Что во городе во Казани
Указы читали,
Указы читали
Про вора Гаврюшу.
Как и ездил разбойничек
Гаврюшенька на трех тройках.
Как и первая у Гаврюши троечка
Была вороная,
Другая у Гаврюшеньки троечка
Вся была гнедая,
Третья у Гаврюши
Тройка ездовая.
Как и ездил разбойник Гаврюшенька
По селушкам-деревням,
По барским пристроям.
Как он селушки-деревнюшки
В разор разоряет,
Барские пристроечки
Огнем выжигает.
Уж как выжег все пристрой,
В Нижний город уезжает.
Как по Нижнему по городу
Гаврюша гуляет,
Никто-то Гаврюшеньку
Его не признает.
Признавали же Гаврюшу
Одни воры заключенны.
"Уж ты, братец наш Гаврюша,
Ходишь сам по воле,
А мы, горькие, несчастные,
Сидим в неволе.
Выпусти нас, Гаврюшенька,
Выпусти на волю". -
"Уж вы, братцы мои, товарищи,
Мне теперь не время".
Как и гонят за Гаврюшей,
Гонят три погони.
Первая погонюшка - военны солдаты,
Другая погонюшка - донские казаки,
А как третья-то погонюшка -
Что сам губернатор,
Как догнали Гаврюшеньку
На речке на Волге.
Вторая песня о Краснощекове, личности тоже исторической.
Как у моря, моря синего.
Мы не песенки певали,
Больше плакали, -
Про того ли кавалера -
Краснощекова.
Отчего же Краснощекова
Смерть состарило,
Смерть состарило смиренство
От изменушки;
От такой большой измены
Петра Резвина.
Написал-то Петр Петрович,
Добродетель,
Царю белому,
Царю белому - Петру Первому.
Собирался Краснощекое
В развод ехати.
Он седлает, собирает
Ворона коня;
Выезжает Краснощеков
В поле чистое;
Становился Краснощеков
Середи пути;
Середи пути-дорожки
Поля чистого;
Солезает Краснощеков
Саблю острую;
Отрубает Краснощеков
Конго голову.
"Не достанься, конь вороный,
Царю белому!
Доставайся, конь вороный,
Зверю лютому,
Волку серому".
(Прим. авт.)
- Да нет, постой. Я лучше на голосу. Матрена, подтягивай!

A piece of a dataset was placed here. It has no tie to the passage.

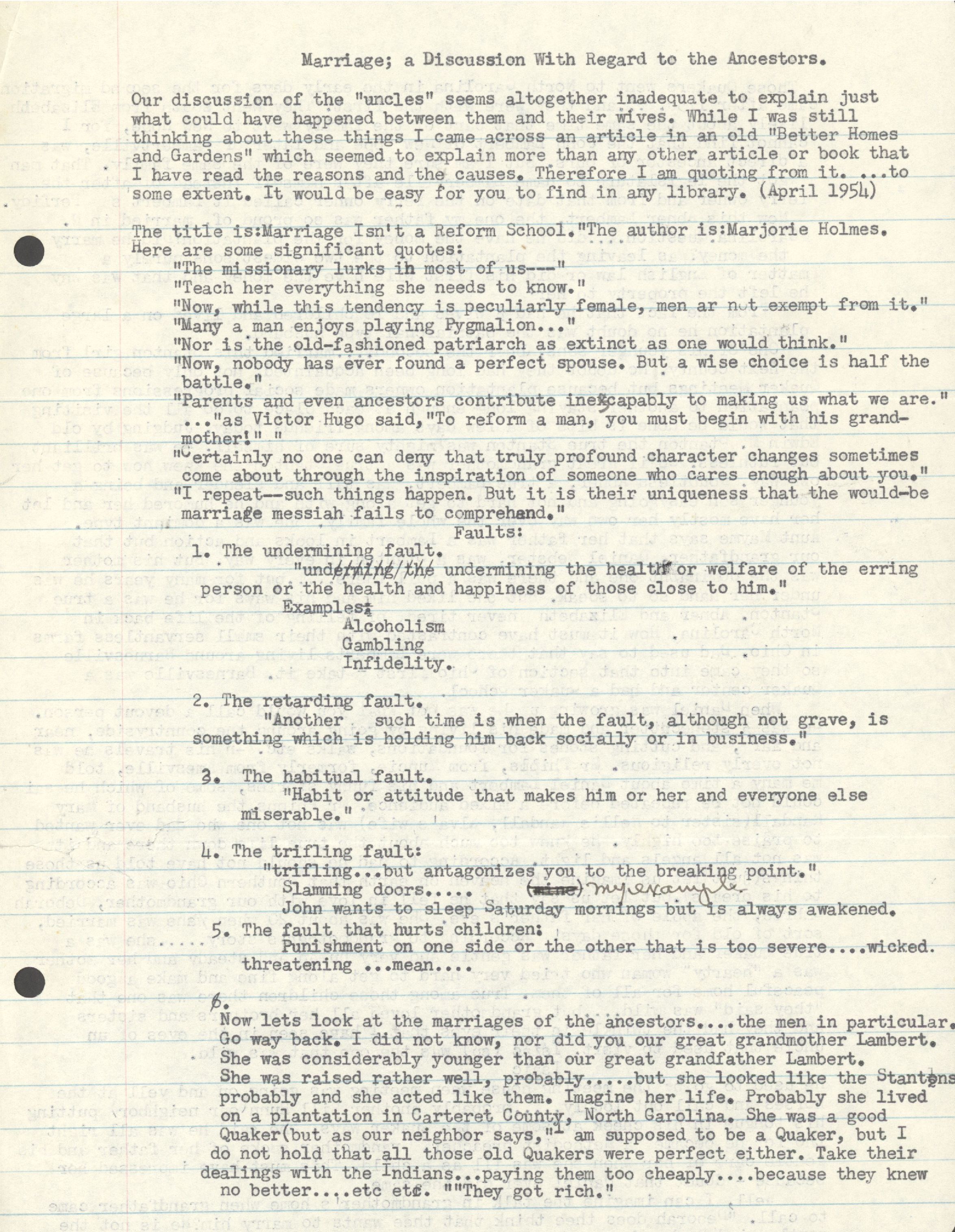 Our discussion of the "uncles" seems altogether inadequate to explain just what could have happened between them and their wives. While I was still thinking about these things I came across an article in an old "Better Homes and Gardens" which seemed to explain more than any other article or book that I have read the reasons and the causes. Therefore I am quoting from it. ...to some extant. It would be easy for you to find in any library. (April 1954)

Хозяйка прокашлялась и, упомянув, что давно уже не пела, начала.
У хозяина был хороший голос, но он им вилял и старался придавать песне выражение; он, видимо, кокетничал передо мной и строил разные гримасы; но потом сам увлекся, зажмурил глаза и стал выводить голосом свободно и просто, хозяйка чуть-чуть подпевала, задумчиво глядя на свечу. Купец проснулся и сердито посмотрел на поющих; хозяин, не переставая петь, сказал ему вскользь: "Подтягивай!" Купец подумал, подумал, зевнул раза три и стал подтягивать сначала хриплым спросонья голосом, потом чем больше он откашливался, тем голос его становился чище и тоньше; под конец он уже пел тоненьким, бабьим дискантом с дьячковскими украшеньями.
Во время антрактов хозяйка продиктовала мне несколько песен и, забыв какое-то слово, остановилась; вдруг из-под ситцевого полога, висевшего над кроватью, послышался детский голос, подсказывающий забытое слово. Мы и не заметили, что дети, давно уже улегшиеся спать, слушали пение и, сами подпевая, следили за диктовкою.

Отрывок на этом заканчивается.